Sniper and Intelligence personnel acted as enemy and were “logging” all movement seen from their Observations Posts.
4th May 1944
There was an administrative inspection by the Brigade Commander. Personnel of the Battalion were inspected in Battle Order during the morning and Company, Platoon and Men’s’ kit inspected in the afternoon. The Brigade staff inspected all accounts and office administration.
6th May 1944
Battalion Administrative Order No 3 was issued on 6th May. This contained the detailed instructions for the work on vehicles, covering waterproofing, markings, recovery of "crocks" and the arrangements for getting to the marshalling area.

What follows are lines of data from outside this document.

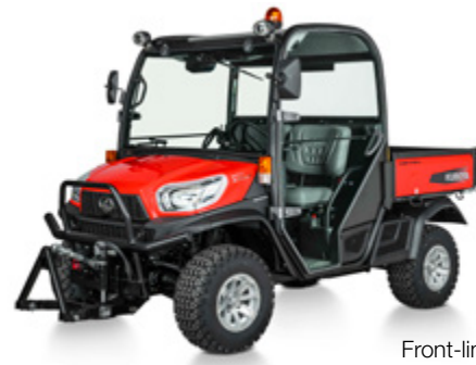
Front-linkage not available in the UK

To enable you to use the RTV X-1110 in the dark, optional work lights are available for the front and rear. This means you can keep everything fully under control, even at night.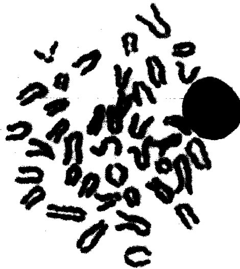
Fig 2: Metaphase spread – Mice (Negative control – Distilled water)

100 metaphase spreads were scored per each sample. Each value is the mean of 10 samples. SE is the standard error of the mean; SEV is the statistical evaluation obtained following ANOVA test and subsequent comparing with Duncan's new multiple range test. Values in vertical column (Mean \pm SE) followed by the same letter (a,a) are not significantly different at 5% level whereas values with different letters (a,b) are significant at 5% level.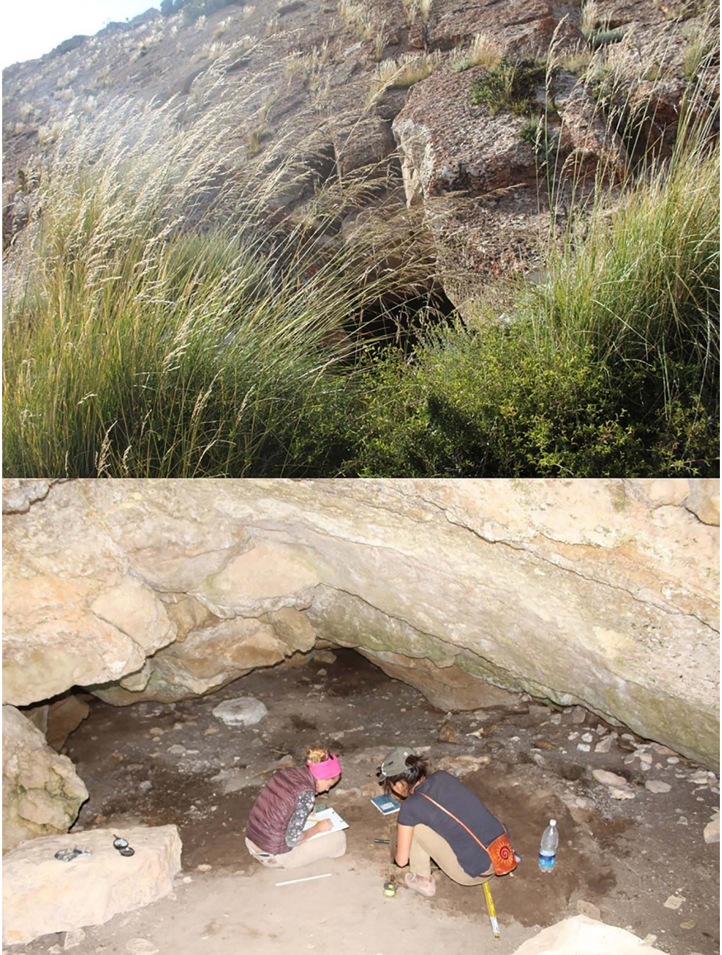
Figure 4. Top) exterior entrance to Chegirtke Cave; bottom) researchers preparing for test excavations within one of the cave's two chambers.

The Field Returns were completed and submitted as at 6th May. A significant change had taken place in the Officer strength in that the War Establishment had been reduced back to a level of 36 - and there were no vacancies or surpluses. Of the earlier total of 43 Officers, six had been posted to Reinforcement Units - namely Lts Gregory, Holt, Johnston, Seggie, Seymour and Swannell. Captain Reverend W. Coupe was attached to the Battalion as Chaplain on 31st January 1944 and this was now recorded on the Return for the first time. Chaplains were included on the Brigade HQ Field Returns but shown as attached to units.

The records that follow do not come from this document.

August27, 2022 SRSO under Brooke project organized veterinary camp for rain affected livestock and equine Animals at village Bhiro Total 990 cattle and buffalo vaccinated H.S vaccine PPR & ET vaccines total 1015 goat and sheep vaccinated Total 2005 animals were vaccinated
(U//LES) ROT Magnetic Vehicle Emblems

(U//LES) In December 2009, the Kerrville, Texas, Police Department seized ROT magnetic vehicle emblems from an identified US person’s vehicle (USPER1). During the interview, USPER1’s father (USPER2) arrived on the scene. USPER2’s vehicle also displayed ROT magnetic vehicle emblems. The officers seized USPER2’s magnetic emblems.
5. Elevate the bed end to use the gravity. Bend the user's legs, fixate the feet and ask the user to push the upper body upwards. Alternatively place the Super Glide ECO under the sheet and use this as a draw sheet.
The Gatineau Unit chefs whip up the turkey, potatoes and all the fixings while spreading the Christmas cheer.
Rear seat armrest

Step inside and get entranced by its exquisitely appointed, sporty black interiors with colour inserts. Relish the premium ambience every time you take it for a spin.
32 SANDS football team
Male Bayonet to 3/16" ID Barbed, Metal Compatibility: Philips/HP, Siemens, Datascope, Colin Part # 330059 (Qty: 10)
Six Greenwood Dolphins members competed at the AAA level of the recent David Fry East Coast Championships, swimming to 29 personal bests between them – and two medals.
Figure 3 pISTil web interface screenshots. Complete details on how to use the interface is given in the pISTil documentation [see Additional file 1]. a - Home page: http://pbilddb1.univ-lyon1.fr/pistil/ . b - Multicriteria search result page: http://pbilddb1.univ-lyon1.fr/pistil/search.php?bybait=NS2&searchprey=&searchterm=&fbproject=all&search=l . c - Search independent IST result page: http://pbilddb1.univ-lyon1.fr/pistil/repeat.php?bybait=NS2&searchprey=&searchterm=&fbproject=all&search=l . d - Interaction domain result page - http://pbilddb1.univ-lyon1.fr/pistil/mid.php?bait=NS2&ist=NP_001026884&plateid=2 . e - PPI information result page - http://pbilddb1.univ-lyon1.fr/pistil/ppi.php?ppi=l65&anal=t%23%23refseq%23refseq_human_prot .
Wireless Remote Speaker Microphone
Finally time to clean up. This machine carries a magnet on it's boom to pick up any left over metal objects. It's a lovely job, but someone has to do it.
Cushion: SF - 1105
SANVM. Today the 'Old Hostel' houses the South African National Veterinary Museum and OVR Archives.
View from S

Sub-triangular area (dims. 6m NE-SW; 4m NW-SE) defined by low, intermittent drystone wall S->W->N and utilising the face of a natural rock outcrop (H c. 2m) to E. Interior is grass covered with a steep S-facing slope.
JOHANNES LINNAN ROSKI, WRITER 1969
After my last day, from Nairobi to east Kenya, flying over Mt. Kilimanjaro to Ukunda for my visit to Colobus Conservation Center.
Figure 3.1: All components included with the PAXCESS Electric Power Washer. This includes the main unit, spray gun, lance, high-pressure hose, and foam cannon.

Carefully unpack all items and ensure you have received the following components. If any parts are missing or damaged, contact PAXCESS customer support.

The Other Ranks return showed a strength of 876 as against the establishment which was back down to 809. It does appear as if there were several changes over these weeks in how numbers of first-line reinforcements and Home Details were accounted for. There continued to be a substantial list of men whose return to the Battalion was being sought. The HOme Details were reduced to only 9 in number, while 29 men were held deliberately surplus to establishment.
8th May 1944
The Battalion’s Mortar Platoon demonstrated short-range firing without the use of secondary charges. The Platoon Commander then explained to all Officers and NCOs the means of locating enemy mortars by the examination of bomb craters.
9th May 1944
Battalion Exercise “LOLO” took place. The Battalion was at full War Establishment in vehicles and personnel. The objects were; to practise the Battalion in moving to a concentration area under special conditions, practise the Advance Party in their duties, practise the operational loading of vehicles, practise loading Vehicle Party personnel, practise Troop Carrying with Main Body vehicles, to consider final adjustments to Loading Tables and the composition of the various Parties of personnel.
It was found that the personnel of the Battalion could be carried on vehicles for short distances.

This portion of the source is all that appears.